FIG. 11 is a sectional view of the bottom end of the cooling/heating tube and the push-button, more particularly illustrating a push-button clip attached to the push-button and positioned in non-engaging configuration with respect to a recess in the interior cooling/heating tube wall;

FIG. 12 is a sectional view of the bottom end of the cooling/heating tube and the push-button, more particularly illustrating the push-button clip engaging the recess in the interior cooling/heating tube wall to prevent return of the push-button to its original position in the cooling/heating tube;

FIG. 13 is an exploded view of the straw, top container neck, gasket seal and bottom container neck configuration illustrated in FIG. 9.

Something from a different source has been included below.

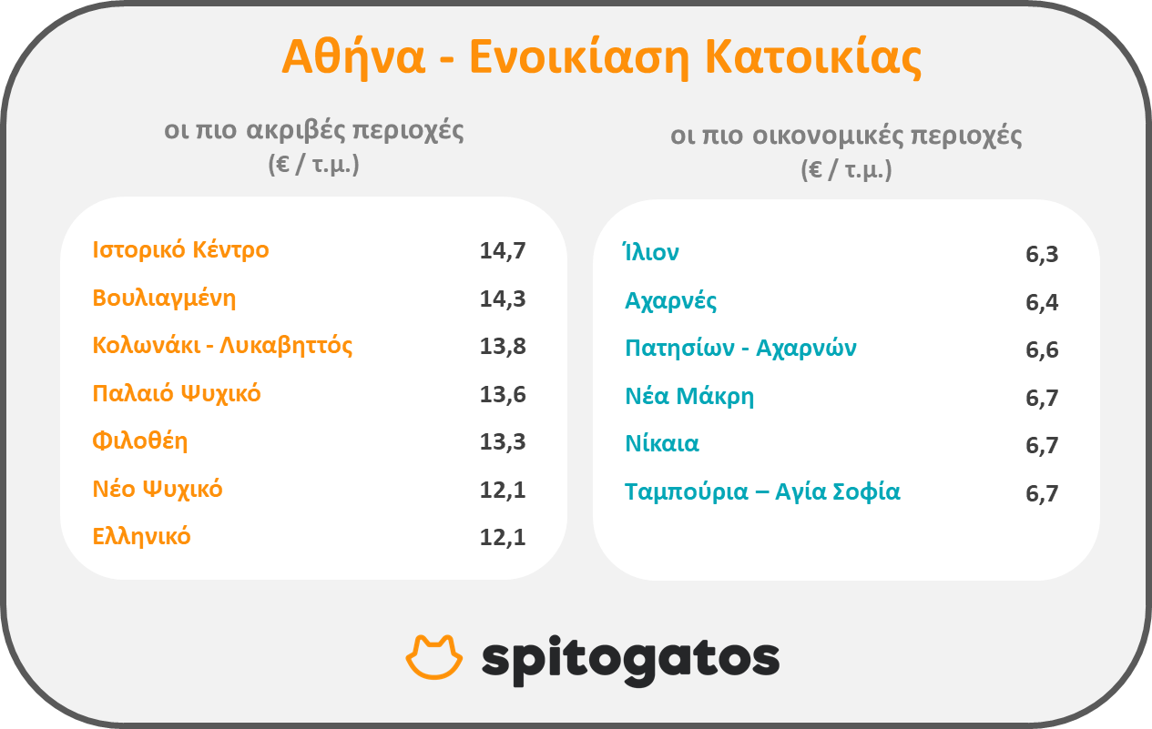 Ως προς την ενοικίαση κατοικίας, το ιστορικό κέντρο, η Βουλιαγμένη, η περιοχή του Κολωνακίου και του Λυκαβηττού, το Παλαιό Ψυχικό, το Νέο Ψυχικό και η Φιλοθέη είναι μεταξύ των ακριβότερων περιοχών της Αττικής, ενώ στη λίστα με τις περιοχές όπου εντοπίζονται τα ακριβότερα ενοίκια συγκαταλέγεται και το Ελληνικό.

FIG. 14 is a perspective view, partially in section, of another preferred embodiment of the invention wherein the internal components of the cooling/heating tube are positioned in a sleeve or cavity molded or otherwise provided in a bottle or can;

FIG. 15 is a sectional view of the tube component embodiment illustrated in FIG. 14;

FIG. 16 is a sectional view of the lower end of the tube component embodiment illustrated in FIGS. 14 and 15, with a break-away cap illustrated in place over the push-button element;

FIG. 17 is a perspective, exploded and sectional view of another embodiment of the invention wherein a cooling/heating tube is inserted in a sleeve or cavity provided in a bottle or can; and

FIG. 18 is a perspective and sectional view of the cooling/heating tube provided with threads and threaded in the sleeve or cavity provided in the bottle or can.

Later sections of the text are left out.